In their 43-page ruling, the judges - John T. Bender, Christine L. Donahue and John L. Musmanno - sided with Lynn's attorneys, who argued that the child-endangerment law that was on the books in the state when Avery held his position only applied to people who had direct supervision of children, like parents and other caregivers.
The law was changed and broadened in 2007 to include employers whose employees end up harming children.
"I'm happy. This is very rewarding," Thomas Bergstrom, one of Lynn's attorneys, said yesterday.
"This was a labor of love. We fought long and hard, so it's nice to know that you were right."
Bergstrom said he hopes that Lynn will be released from a state prison in Wayne County in the next few days.
Prosecutors were not so pleased.
"I am disappointed and strongly disagree with the court's decision," District Attorney Seth Williams said in a statement distributed to the news media.
"While we are deciding what our next course of action will be, we most likely will be appealing this decision."
Read the full ruling here
. It found that while Lynn put the archdiocese's reputation above protecting children, it was not enough to prove intent to endanger kids. In essence, it found that while Lynn's actions ultimately ended up putting kids at risk, the law didn't apply to him at the time.

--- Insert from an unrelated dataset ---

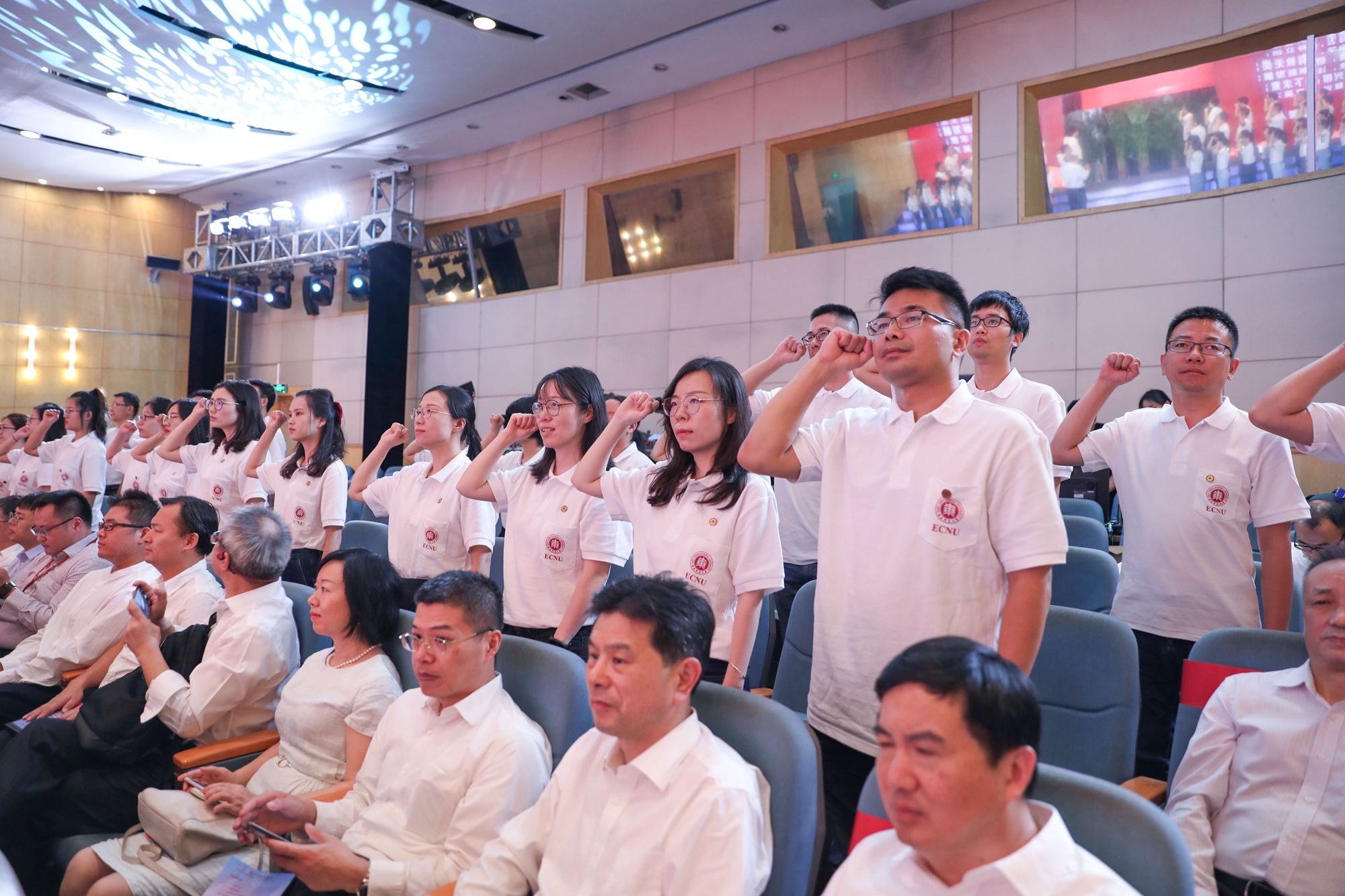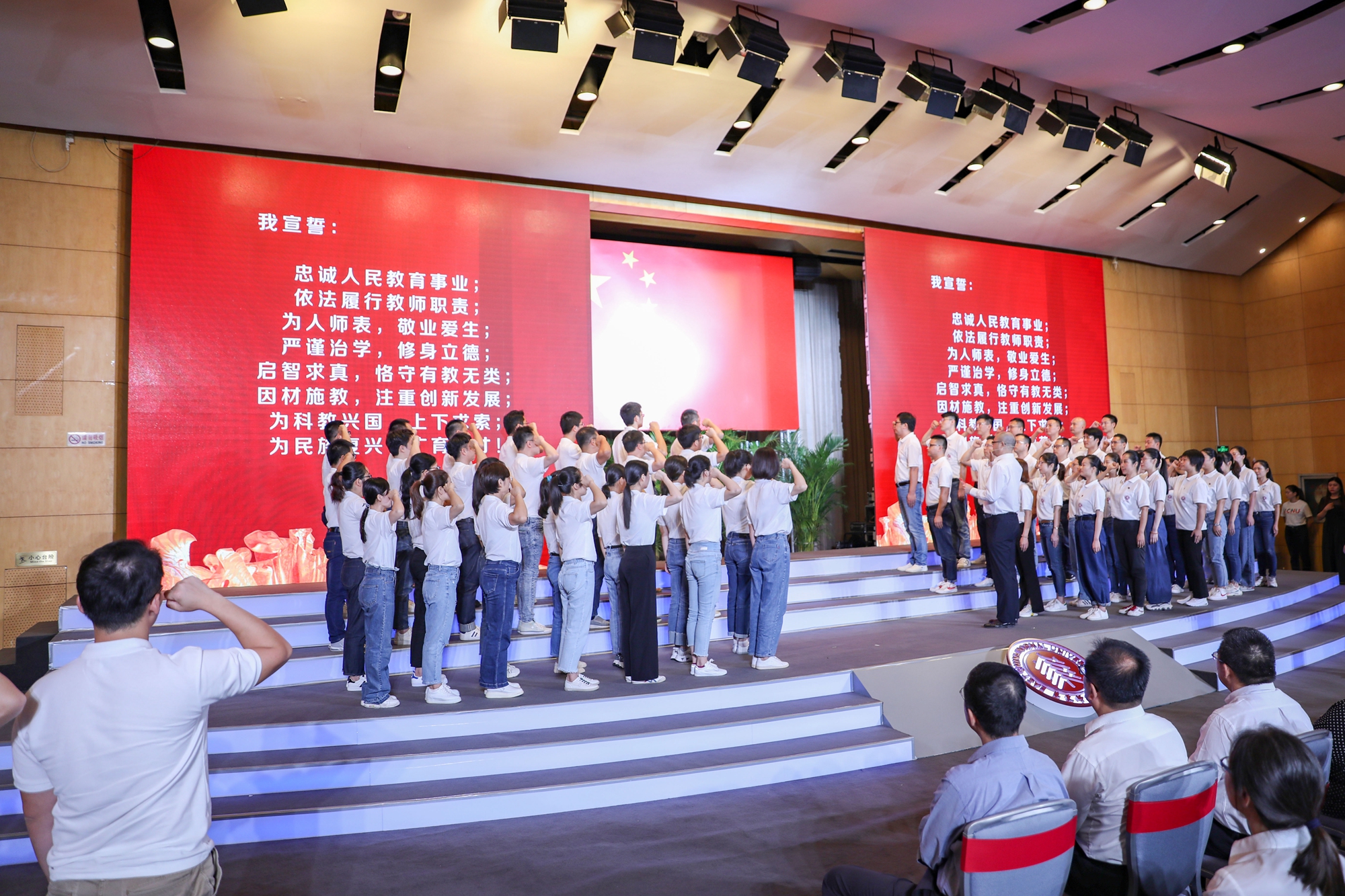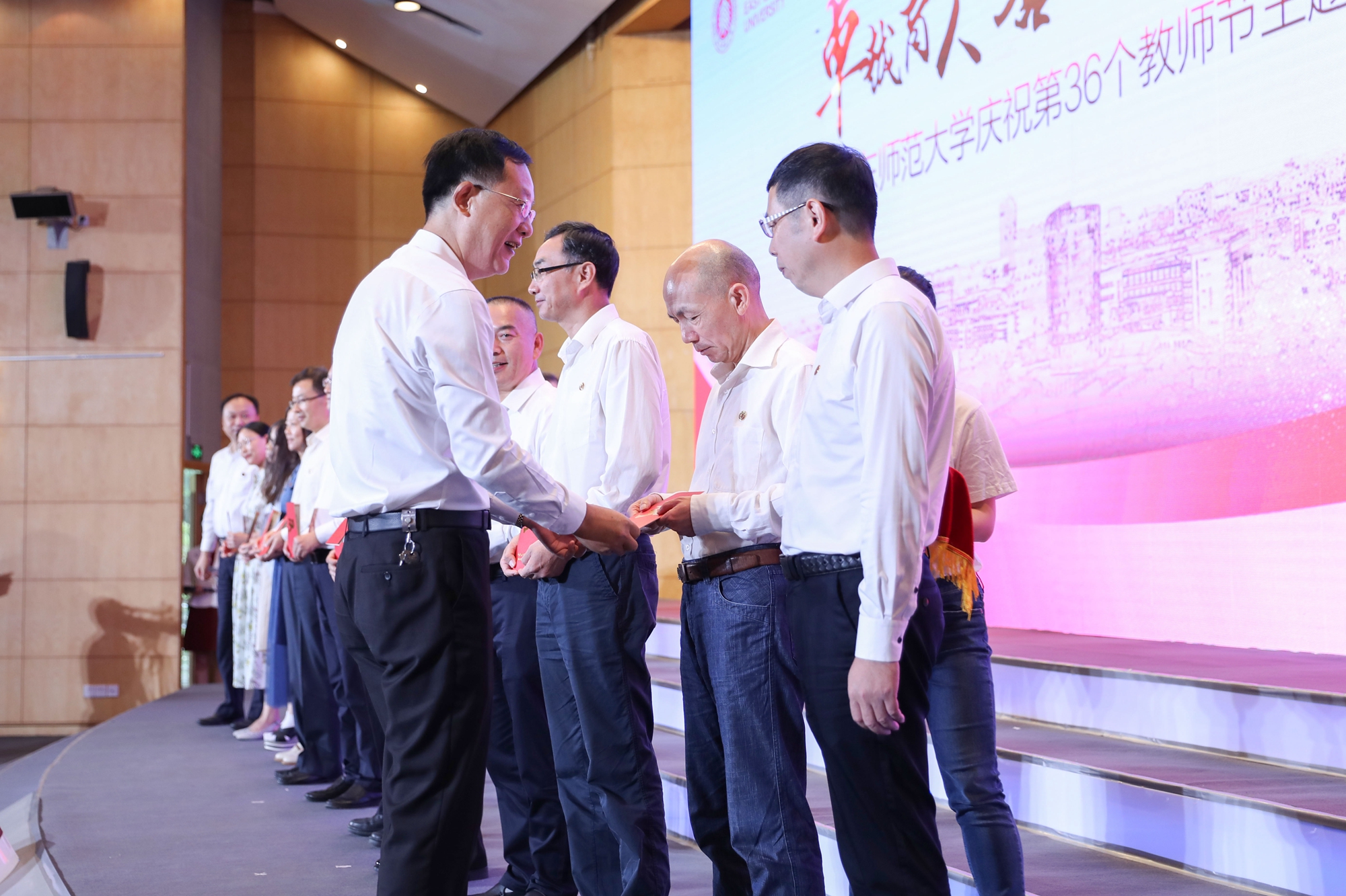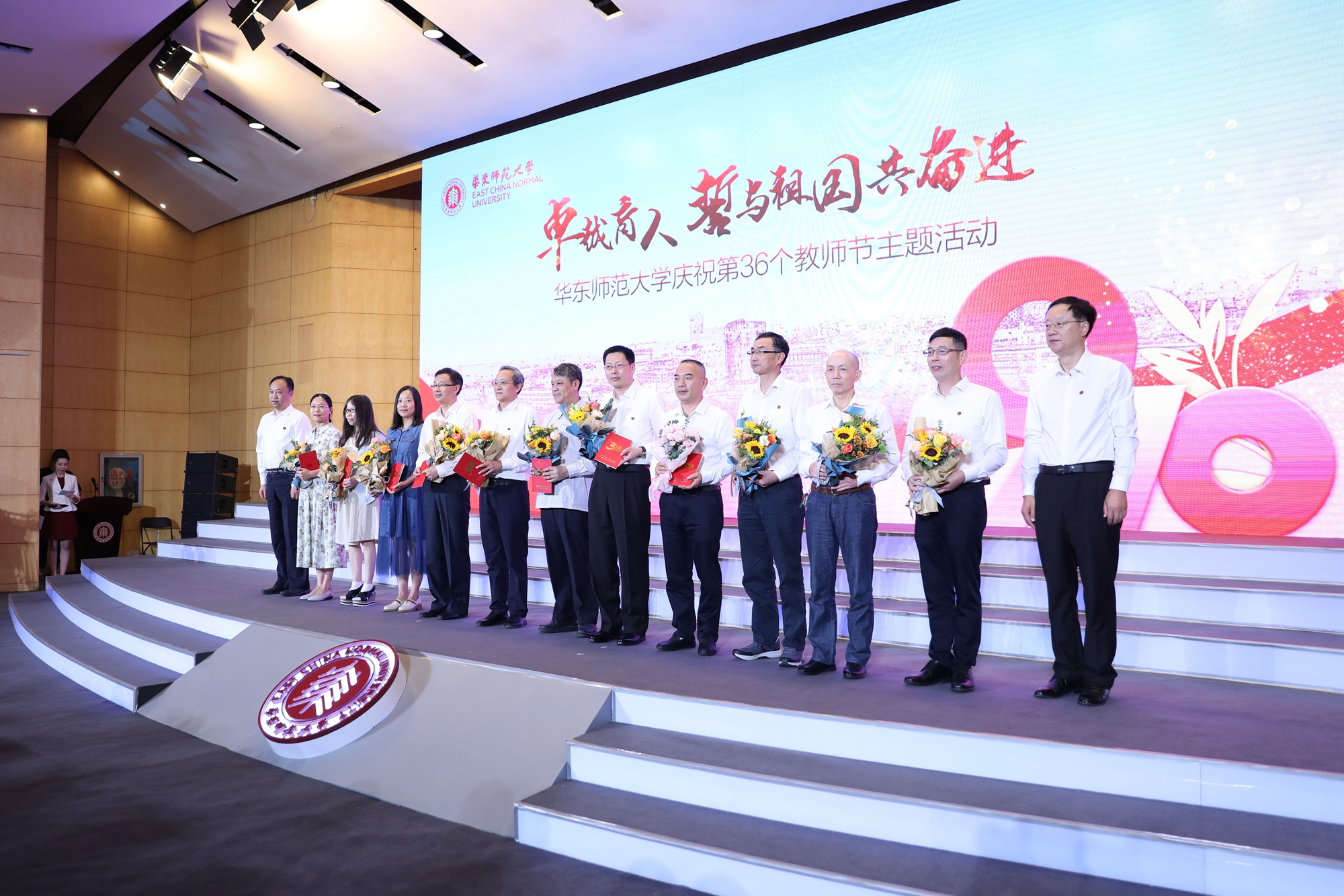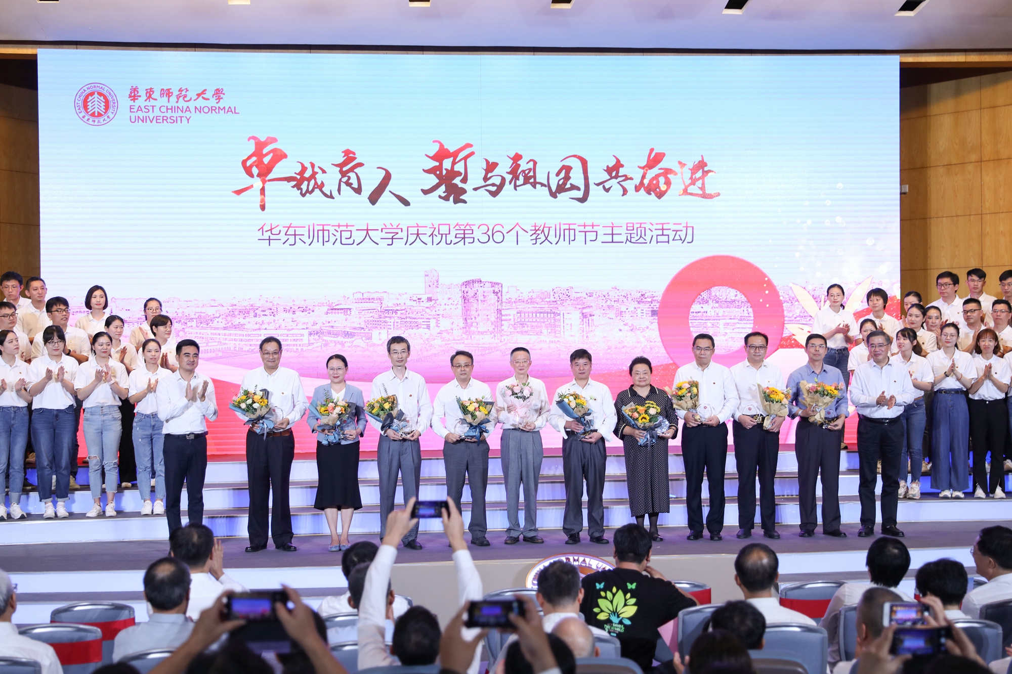 9月10日上午,华东师大“卓越育人,誓与祖国共奋进”庆祝第36个教师节主题活动在中山北路校区科学会堂举行。活动现场表彰了学校第十二届师德标兵和30年教育工作龄的教师,并举行了新入职教师宣誓仪式。

Lynn's lawyer, Thomas Bergstrom, appeared on CNN's New Day earlier, and claimed that the acquittal happened mainly because prosecutors knew they were prosecuting the wrong man. When CNN's Chris Cuomo wondered how Lynn wasn't responsible by way of transferring Avery, Bergstrom said that in order to get a conviction, Lynn said that Williams and his team would have had to prove Lynn was the equivalent of a parent, a guardian or a supervisor--and Lynn was merely a supervisor of a supervisor. Incredibly, though, Bergstrom maintains that Lynn did the right thing--even though he didn't report Avery to the police. Watch here.
Incredibly, church officials are actually considering whether to let Lynn back into the ministry again.
Kenneth Gavin, the Archdiocese's director of communications, said church officials would have to decide whether Lynn will return to active ministry.
"I know the monsignor would like to be able to serve in some capacity," Bergstrom said.
Lynn most recently had served as pastor of St. Joseph Church in Downingtown, which opened a new $9 million facility earlier this year.
Apparently there are some in the Archdiocese of Philadelphia who forget that the bar for acceptable behavior is a much lower one than the bar below which you go to jail. The fact they're even considering letting Lynn preach again shows just how much cleaning up needs to be done in the higher levels of the church.